Mixture Model Coverage Metrics explicitly fit generative mixture models, assigning samples to clusters/modes and evaluating per-component coverage and recall. This requires combinatorial matching of modes and ground truth components.
Dendrogram Distance (DD) (Carvalho et al., 2023) aligns hierarchical merge heights between real and generated data to detect missing or merged modes but does not require or produce explicit cluster assignments, operating instead on the ultrametric implied by single-linkage clustering.
MMCM leverages explicit clustering and unique cluster mode assignment, allowing for direct quantification of mode coverage, explicit penalization of out-of-distribution samples, and decomposition of coverage vs. mode-validity. As shown in (Tokoro et al., 19 Nov 2025), this leads to improved sensitivity to missing rare modes, and robustness against diffuse, implausible predictions often mis-rewarded by metrics focused solely on geometric spread.

A plausible implication is that MMCM can be flexibly adapted to different domains—motion, optimal control, community structure—by tailoring density, stability, and overlap criteria and cluster construction methodology.

6. Practical Guidelines and Usage

The practical deployment of MMCM comprises:

Clustering: Using autoencoding, topological filtration, or prime-based methods to discover modes.
Metric computation: For each test case or cluster, calculate density, mass, stability, and overlap.
Tuning: Select weights $(\alpha, \beta, \gamma, \delta)$ for the application-specific trade-off.
Thresholding: Filter out clusters below a minimum density or stability to ensure semantic significance.
Selection and ranking: Use the MMCM score to rank clusters, prediction sets, or candidate warm-starts.

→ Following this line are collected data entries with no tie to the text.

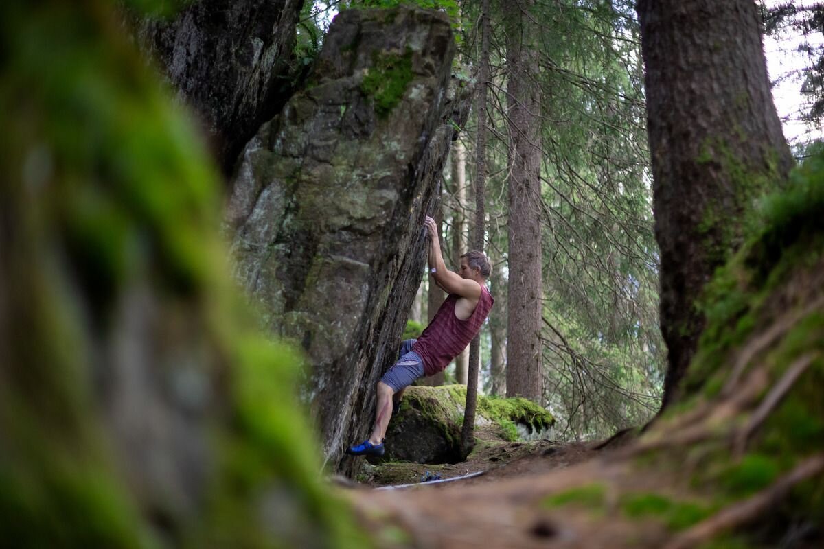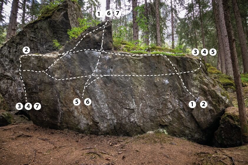Bei diesem Block bewältigt man 7 Boulderprobleme mit einer Schwierigkeit von 6b - 7b(+).
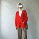 尋寶古著-英倫風格紅色設計感肩線開襟針織外套 - 女毛衣/針織衫 - 棉.麻 紅色
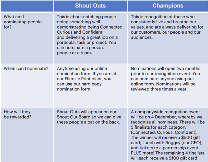 Reward Me is our reward and recognition programme. It celebrates NZME-ers who achieve great things for us and our business by living our values of Connected, Curious and Confident. Reward Me has two tiers of recognition: Shout Outs and NZME Champions
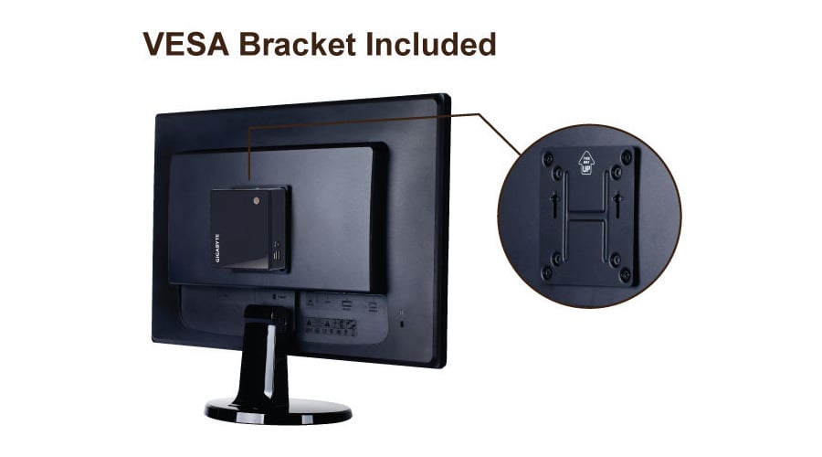 Dzieki dołączonemu specjalnemu uchwytowi, BRIX może został w prosty sposób zamontowany za monitorem lub telewizorem HDTV sprawiając że staje się praktycznie niewidoczny. Dzieki temu w prosty i efektywny sposób możesz zamienic każdy monitor lub telewizor zgodny ze standardem VESA w pełnoprawny komputer.
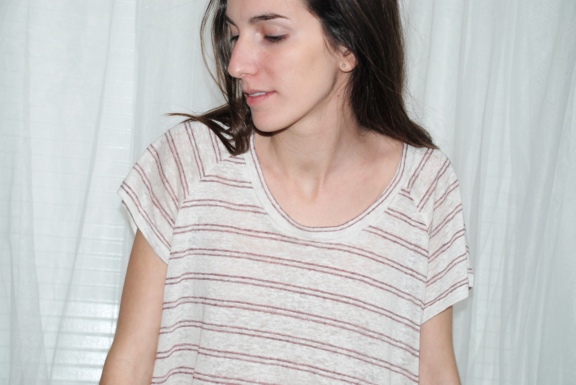 Camiseta blanca rayas nude Yerse

Recommended weight settings are domain-dependent. For instance, the density-first regime sets $(\alpha, \beta, \gamma, \delta) = (0.5, 0.3, 0.1, 0.1)$ ; for very large but lower-density clusters, a volume-balanced configuration increases $\beta$ (Ignatov et al., 2017). For strict coverage of all possible formal concepts, one could enforce $\rho_{\min}=1$ and set the other weights to zero.

In human motion prediction, the MMCM score (harmonic mean of valid-mode coverage and sample validity) is averaged across all test samples for model comparison (Tokoro et al., 19 Nov 2025).

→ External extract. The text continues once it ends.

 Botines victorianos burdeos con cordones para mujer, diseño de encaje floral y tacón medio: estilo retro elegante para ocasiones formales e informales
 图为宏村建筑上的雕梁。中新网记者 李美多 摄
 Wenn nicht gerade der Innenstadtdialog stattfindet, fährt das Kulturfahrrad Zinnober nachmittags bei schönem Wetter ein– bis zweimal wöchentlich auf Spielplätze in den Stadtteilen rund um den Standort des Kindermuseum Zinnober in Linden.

7. Empirical Performance and Limitations

MMCM variants have demonstrated improved accuracy and interpretability in diverse benchmarks:

Human motion prediction: MMCM yields consistent ranking, robustness to outlier or noisy trajectories, and penalizes unrealistic spread that previously inflated diversity scores (Tokoro et al., 19 Nov 2025).
Multimodal metric learning: Improves 3-NN classification accuracy by capturing within-class mode structure (Deng et al., 2021).
Optimal control warm-start: Dramatically increases solver success rates and reduces computation when compared to modality-agnostic alternatives (Merkt et al., 2020).
Community detection: OA-biclustering and its $n$ -mode generalizations, when scored by MMCM, efficiently extract non-redundant, significant communities in large networks (Ignatov et al., 2017).

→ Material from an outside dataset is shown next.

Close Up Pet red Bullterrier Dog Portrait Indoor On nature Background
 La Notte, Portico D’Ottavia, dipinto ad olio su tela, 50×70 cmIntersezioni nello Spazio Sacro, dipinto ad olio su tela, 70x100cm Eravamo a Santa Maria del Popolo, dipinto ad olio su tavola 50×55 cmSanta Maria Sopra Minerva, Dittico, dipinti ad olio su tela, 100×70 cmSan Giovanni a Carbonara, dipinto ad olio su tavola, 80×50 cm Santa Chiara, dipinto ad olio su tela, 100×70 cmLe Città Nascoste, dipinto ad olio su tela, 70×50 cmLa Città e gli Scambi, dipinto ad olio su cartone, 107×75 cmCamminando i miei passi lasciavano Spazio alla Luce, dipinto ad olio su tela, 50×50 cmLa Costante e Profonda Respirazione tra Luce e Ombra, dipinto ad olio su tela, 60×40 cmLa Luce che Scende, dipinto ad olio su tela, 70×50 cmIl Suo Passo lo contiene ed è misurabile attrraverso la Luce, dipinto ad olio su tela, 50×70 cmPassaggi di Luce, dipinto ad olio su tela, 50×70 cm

However, MMCM’s efficacy depends critically on the appropriateness of the clustering step, parameter calibration, and (in some variations) availability of sufficiently rich mode-representative data. In highly overlapping or continuous-mode distributions, hard clustering may be less effective than soft variants or kernel methods. In some cases, mode discovery can be sensitive to embedding dimension and clustering hyperparameters, though relative method ranking tends to be robust (Tokoro et al., 19 Nov 2025).

A plausible implication is that future research may focus on adaptive or probabilistically grounded mode discovery to augment MMCM's generality and precision.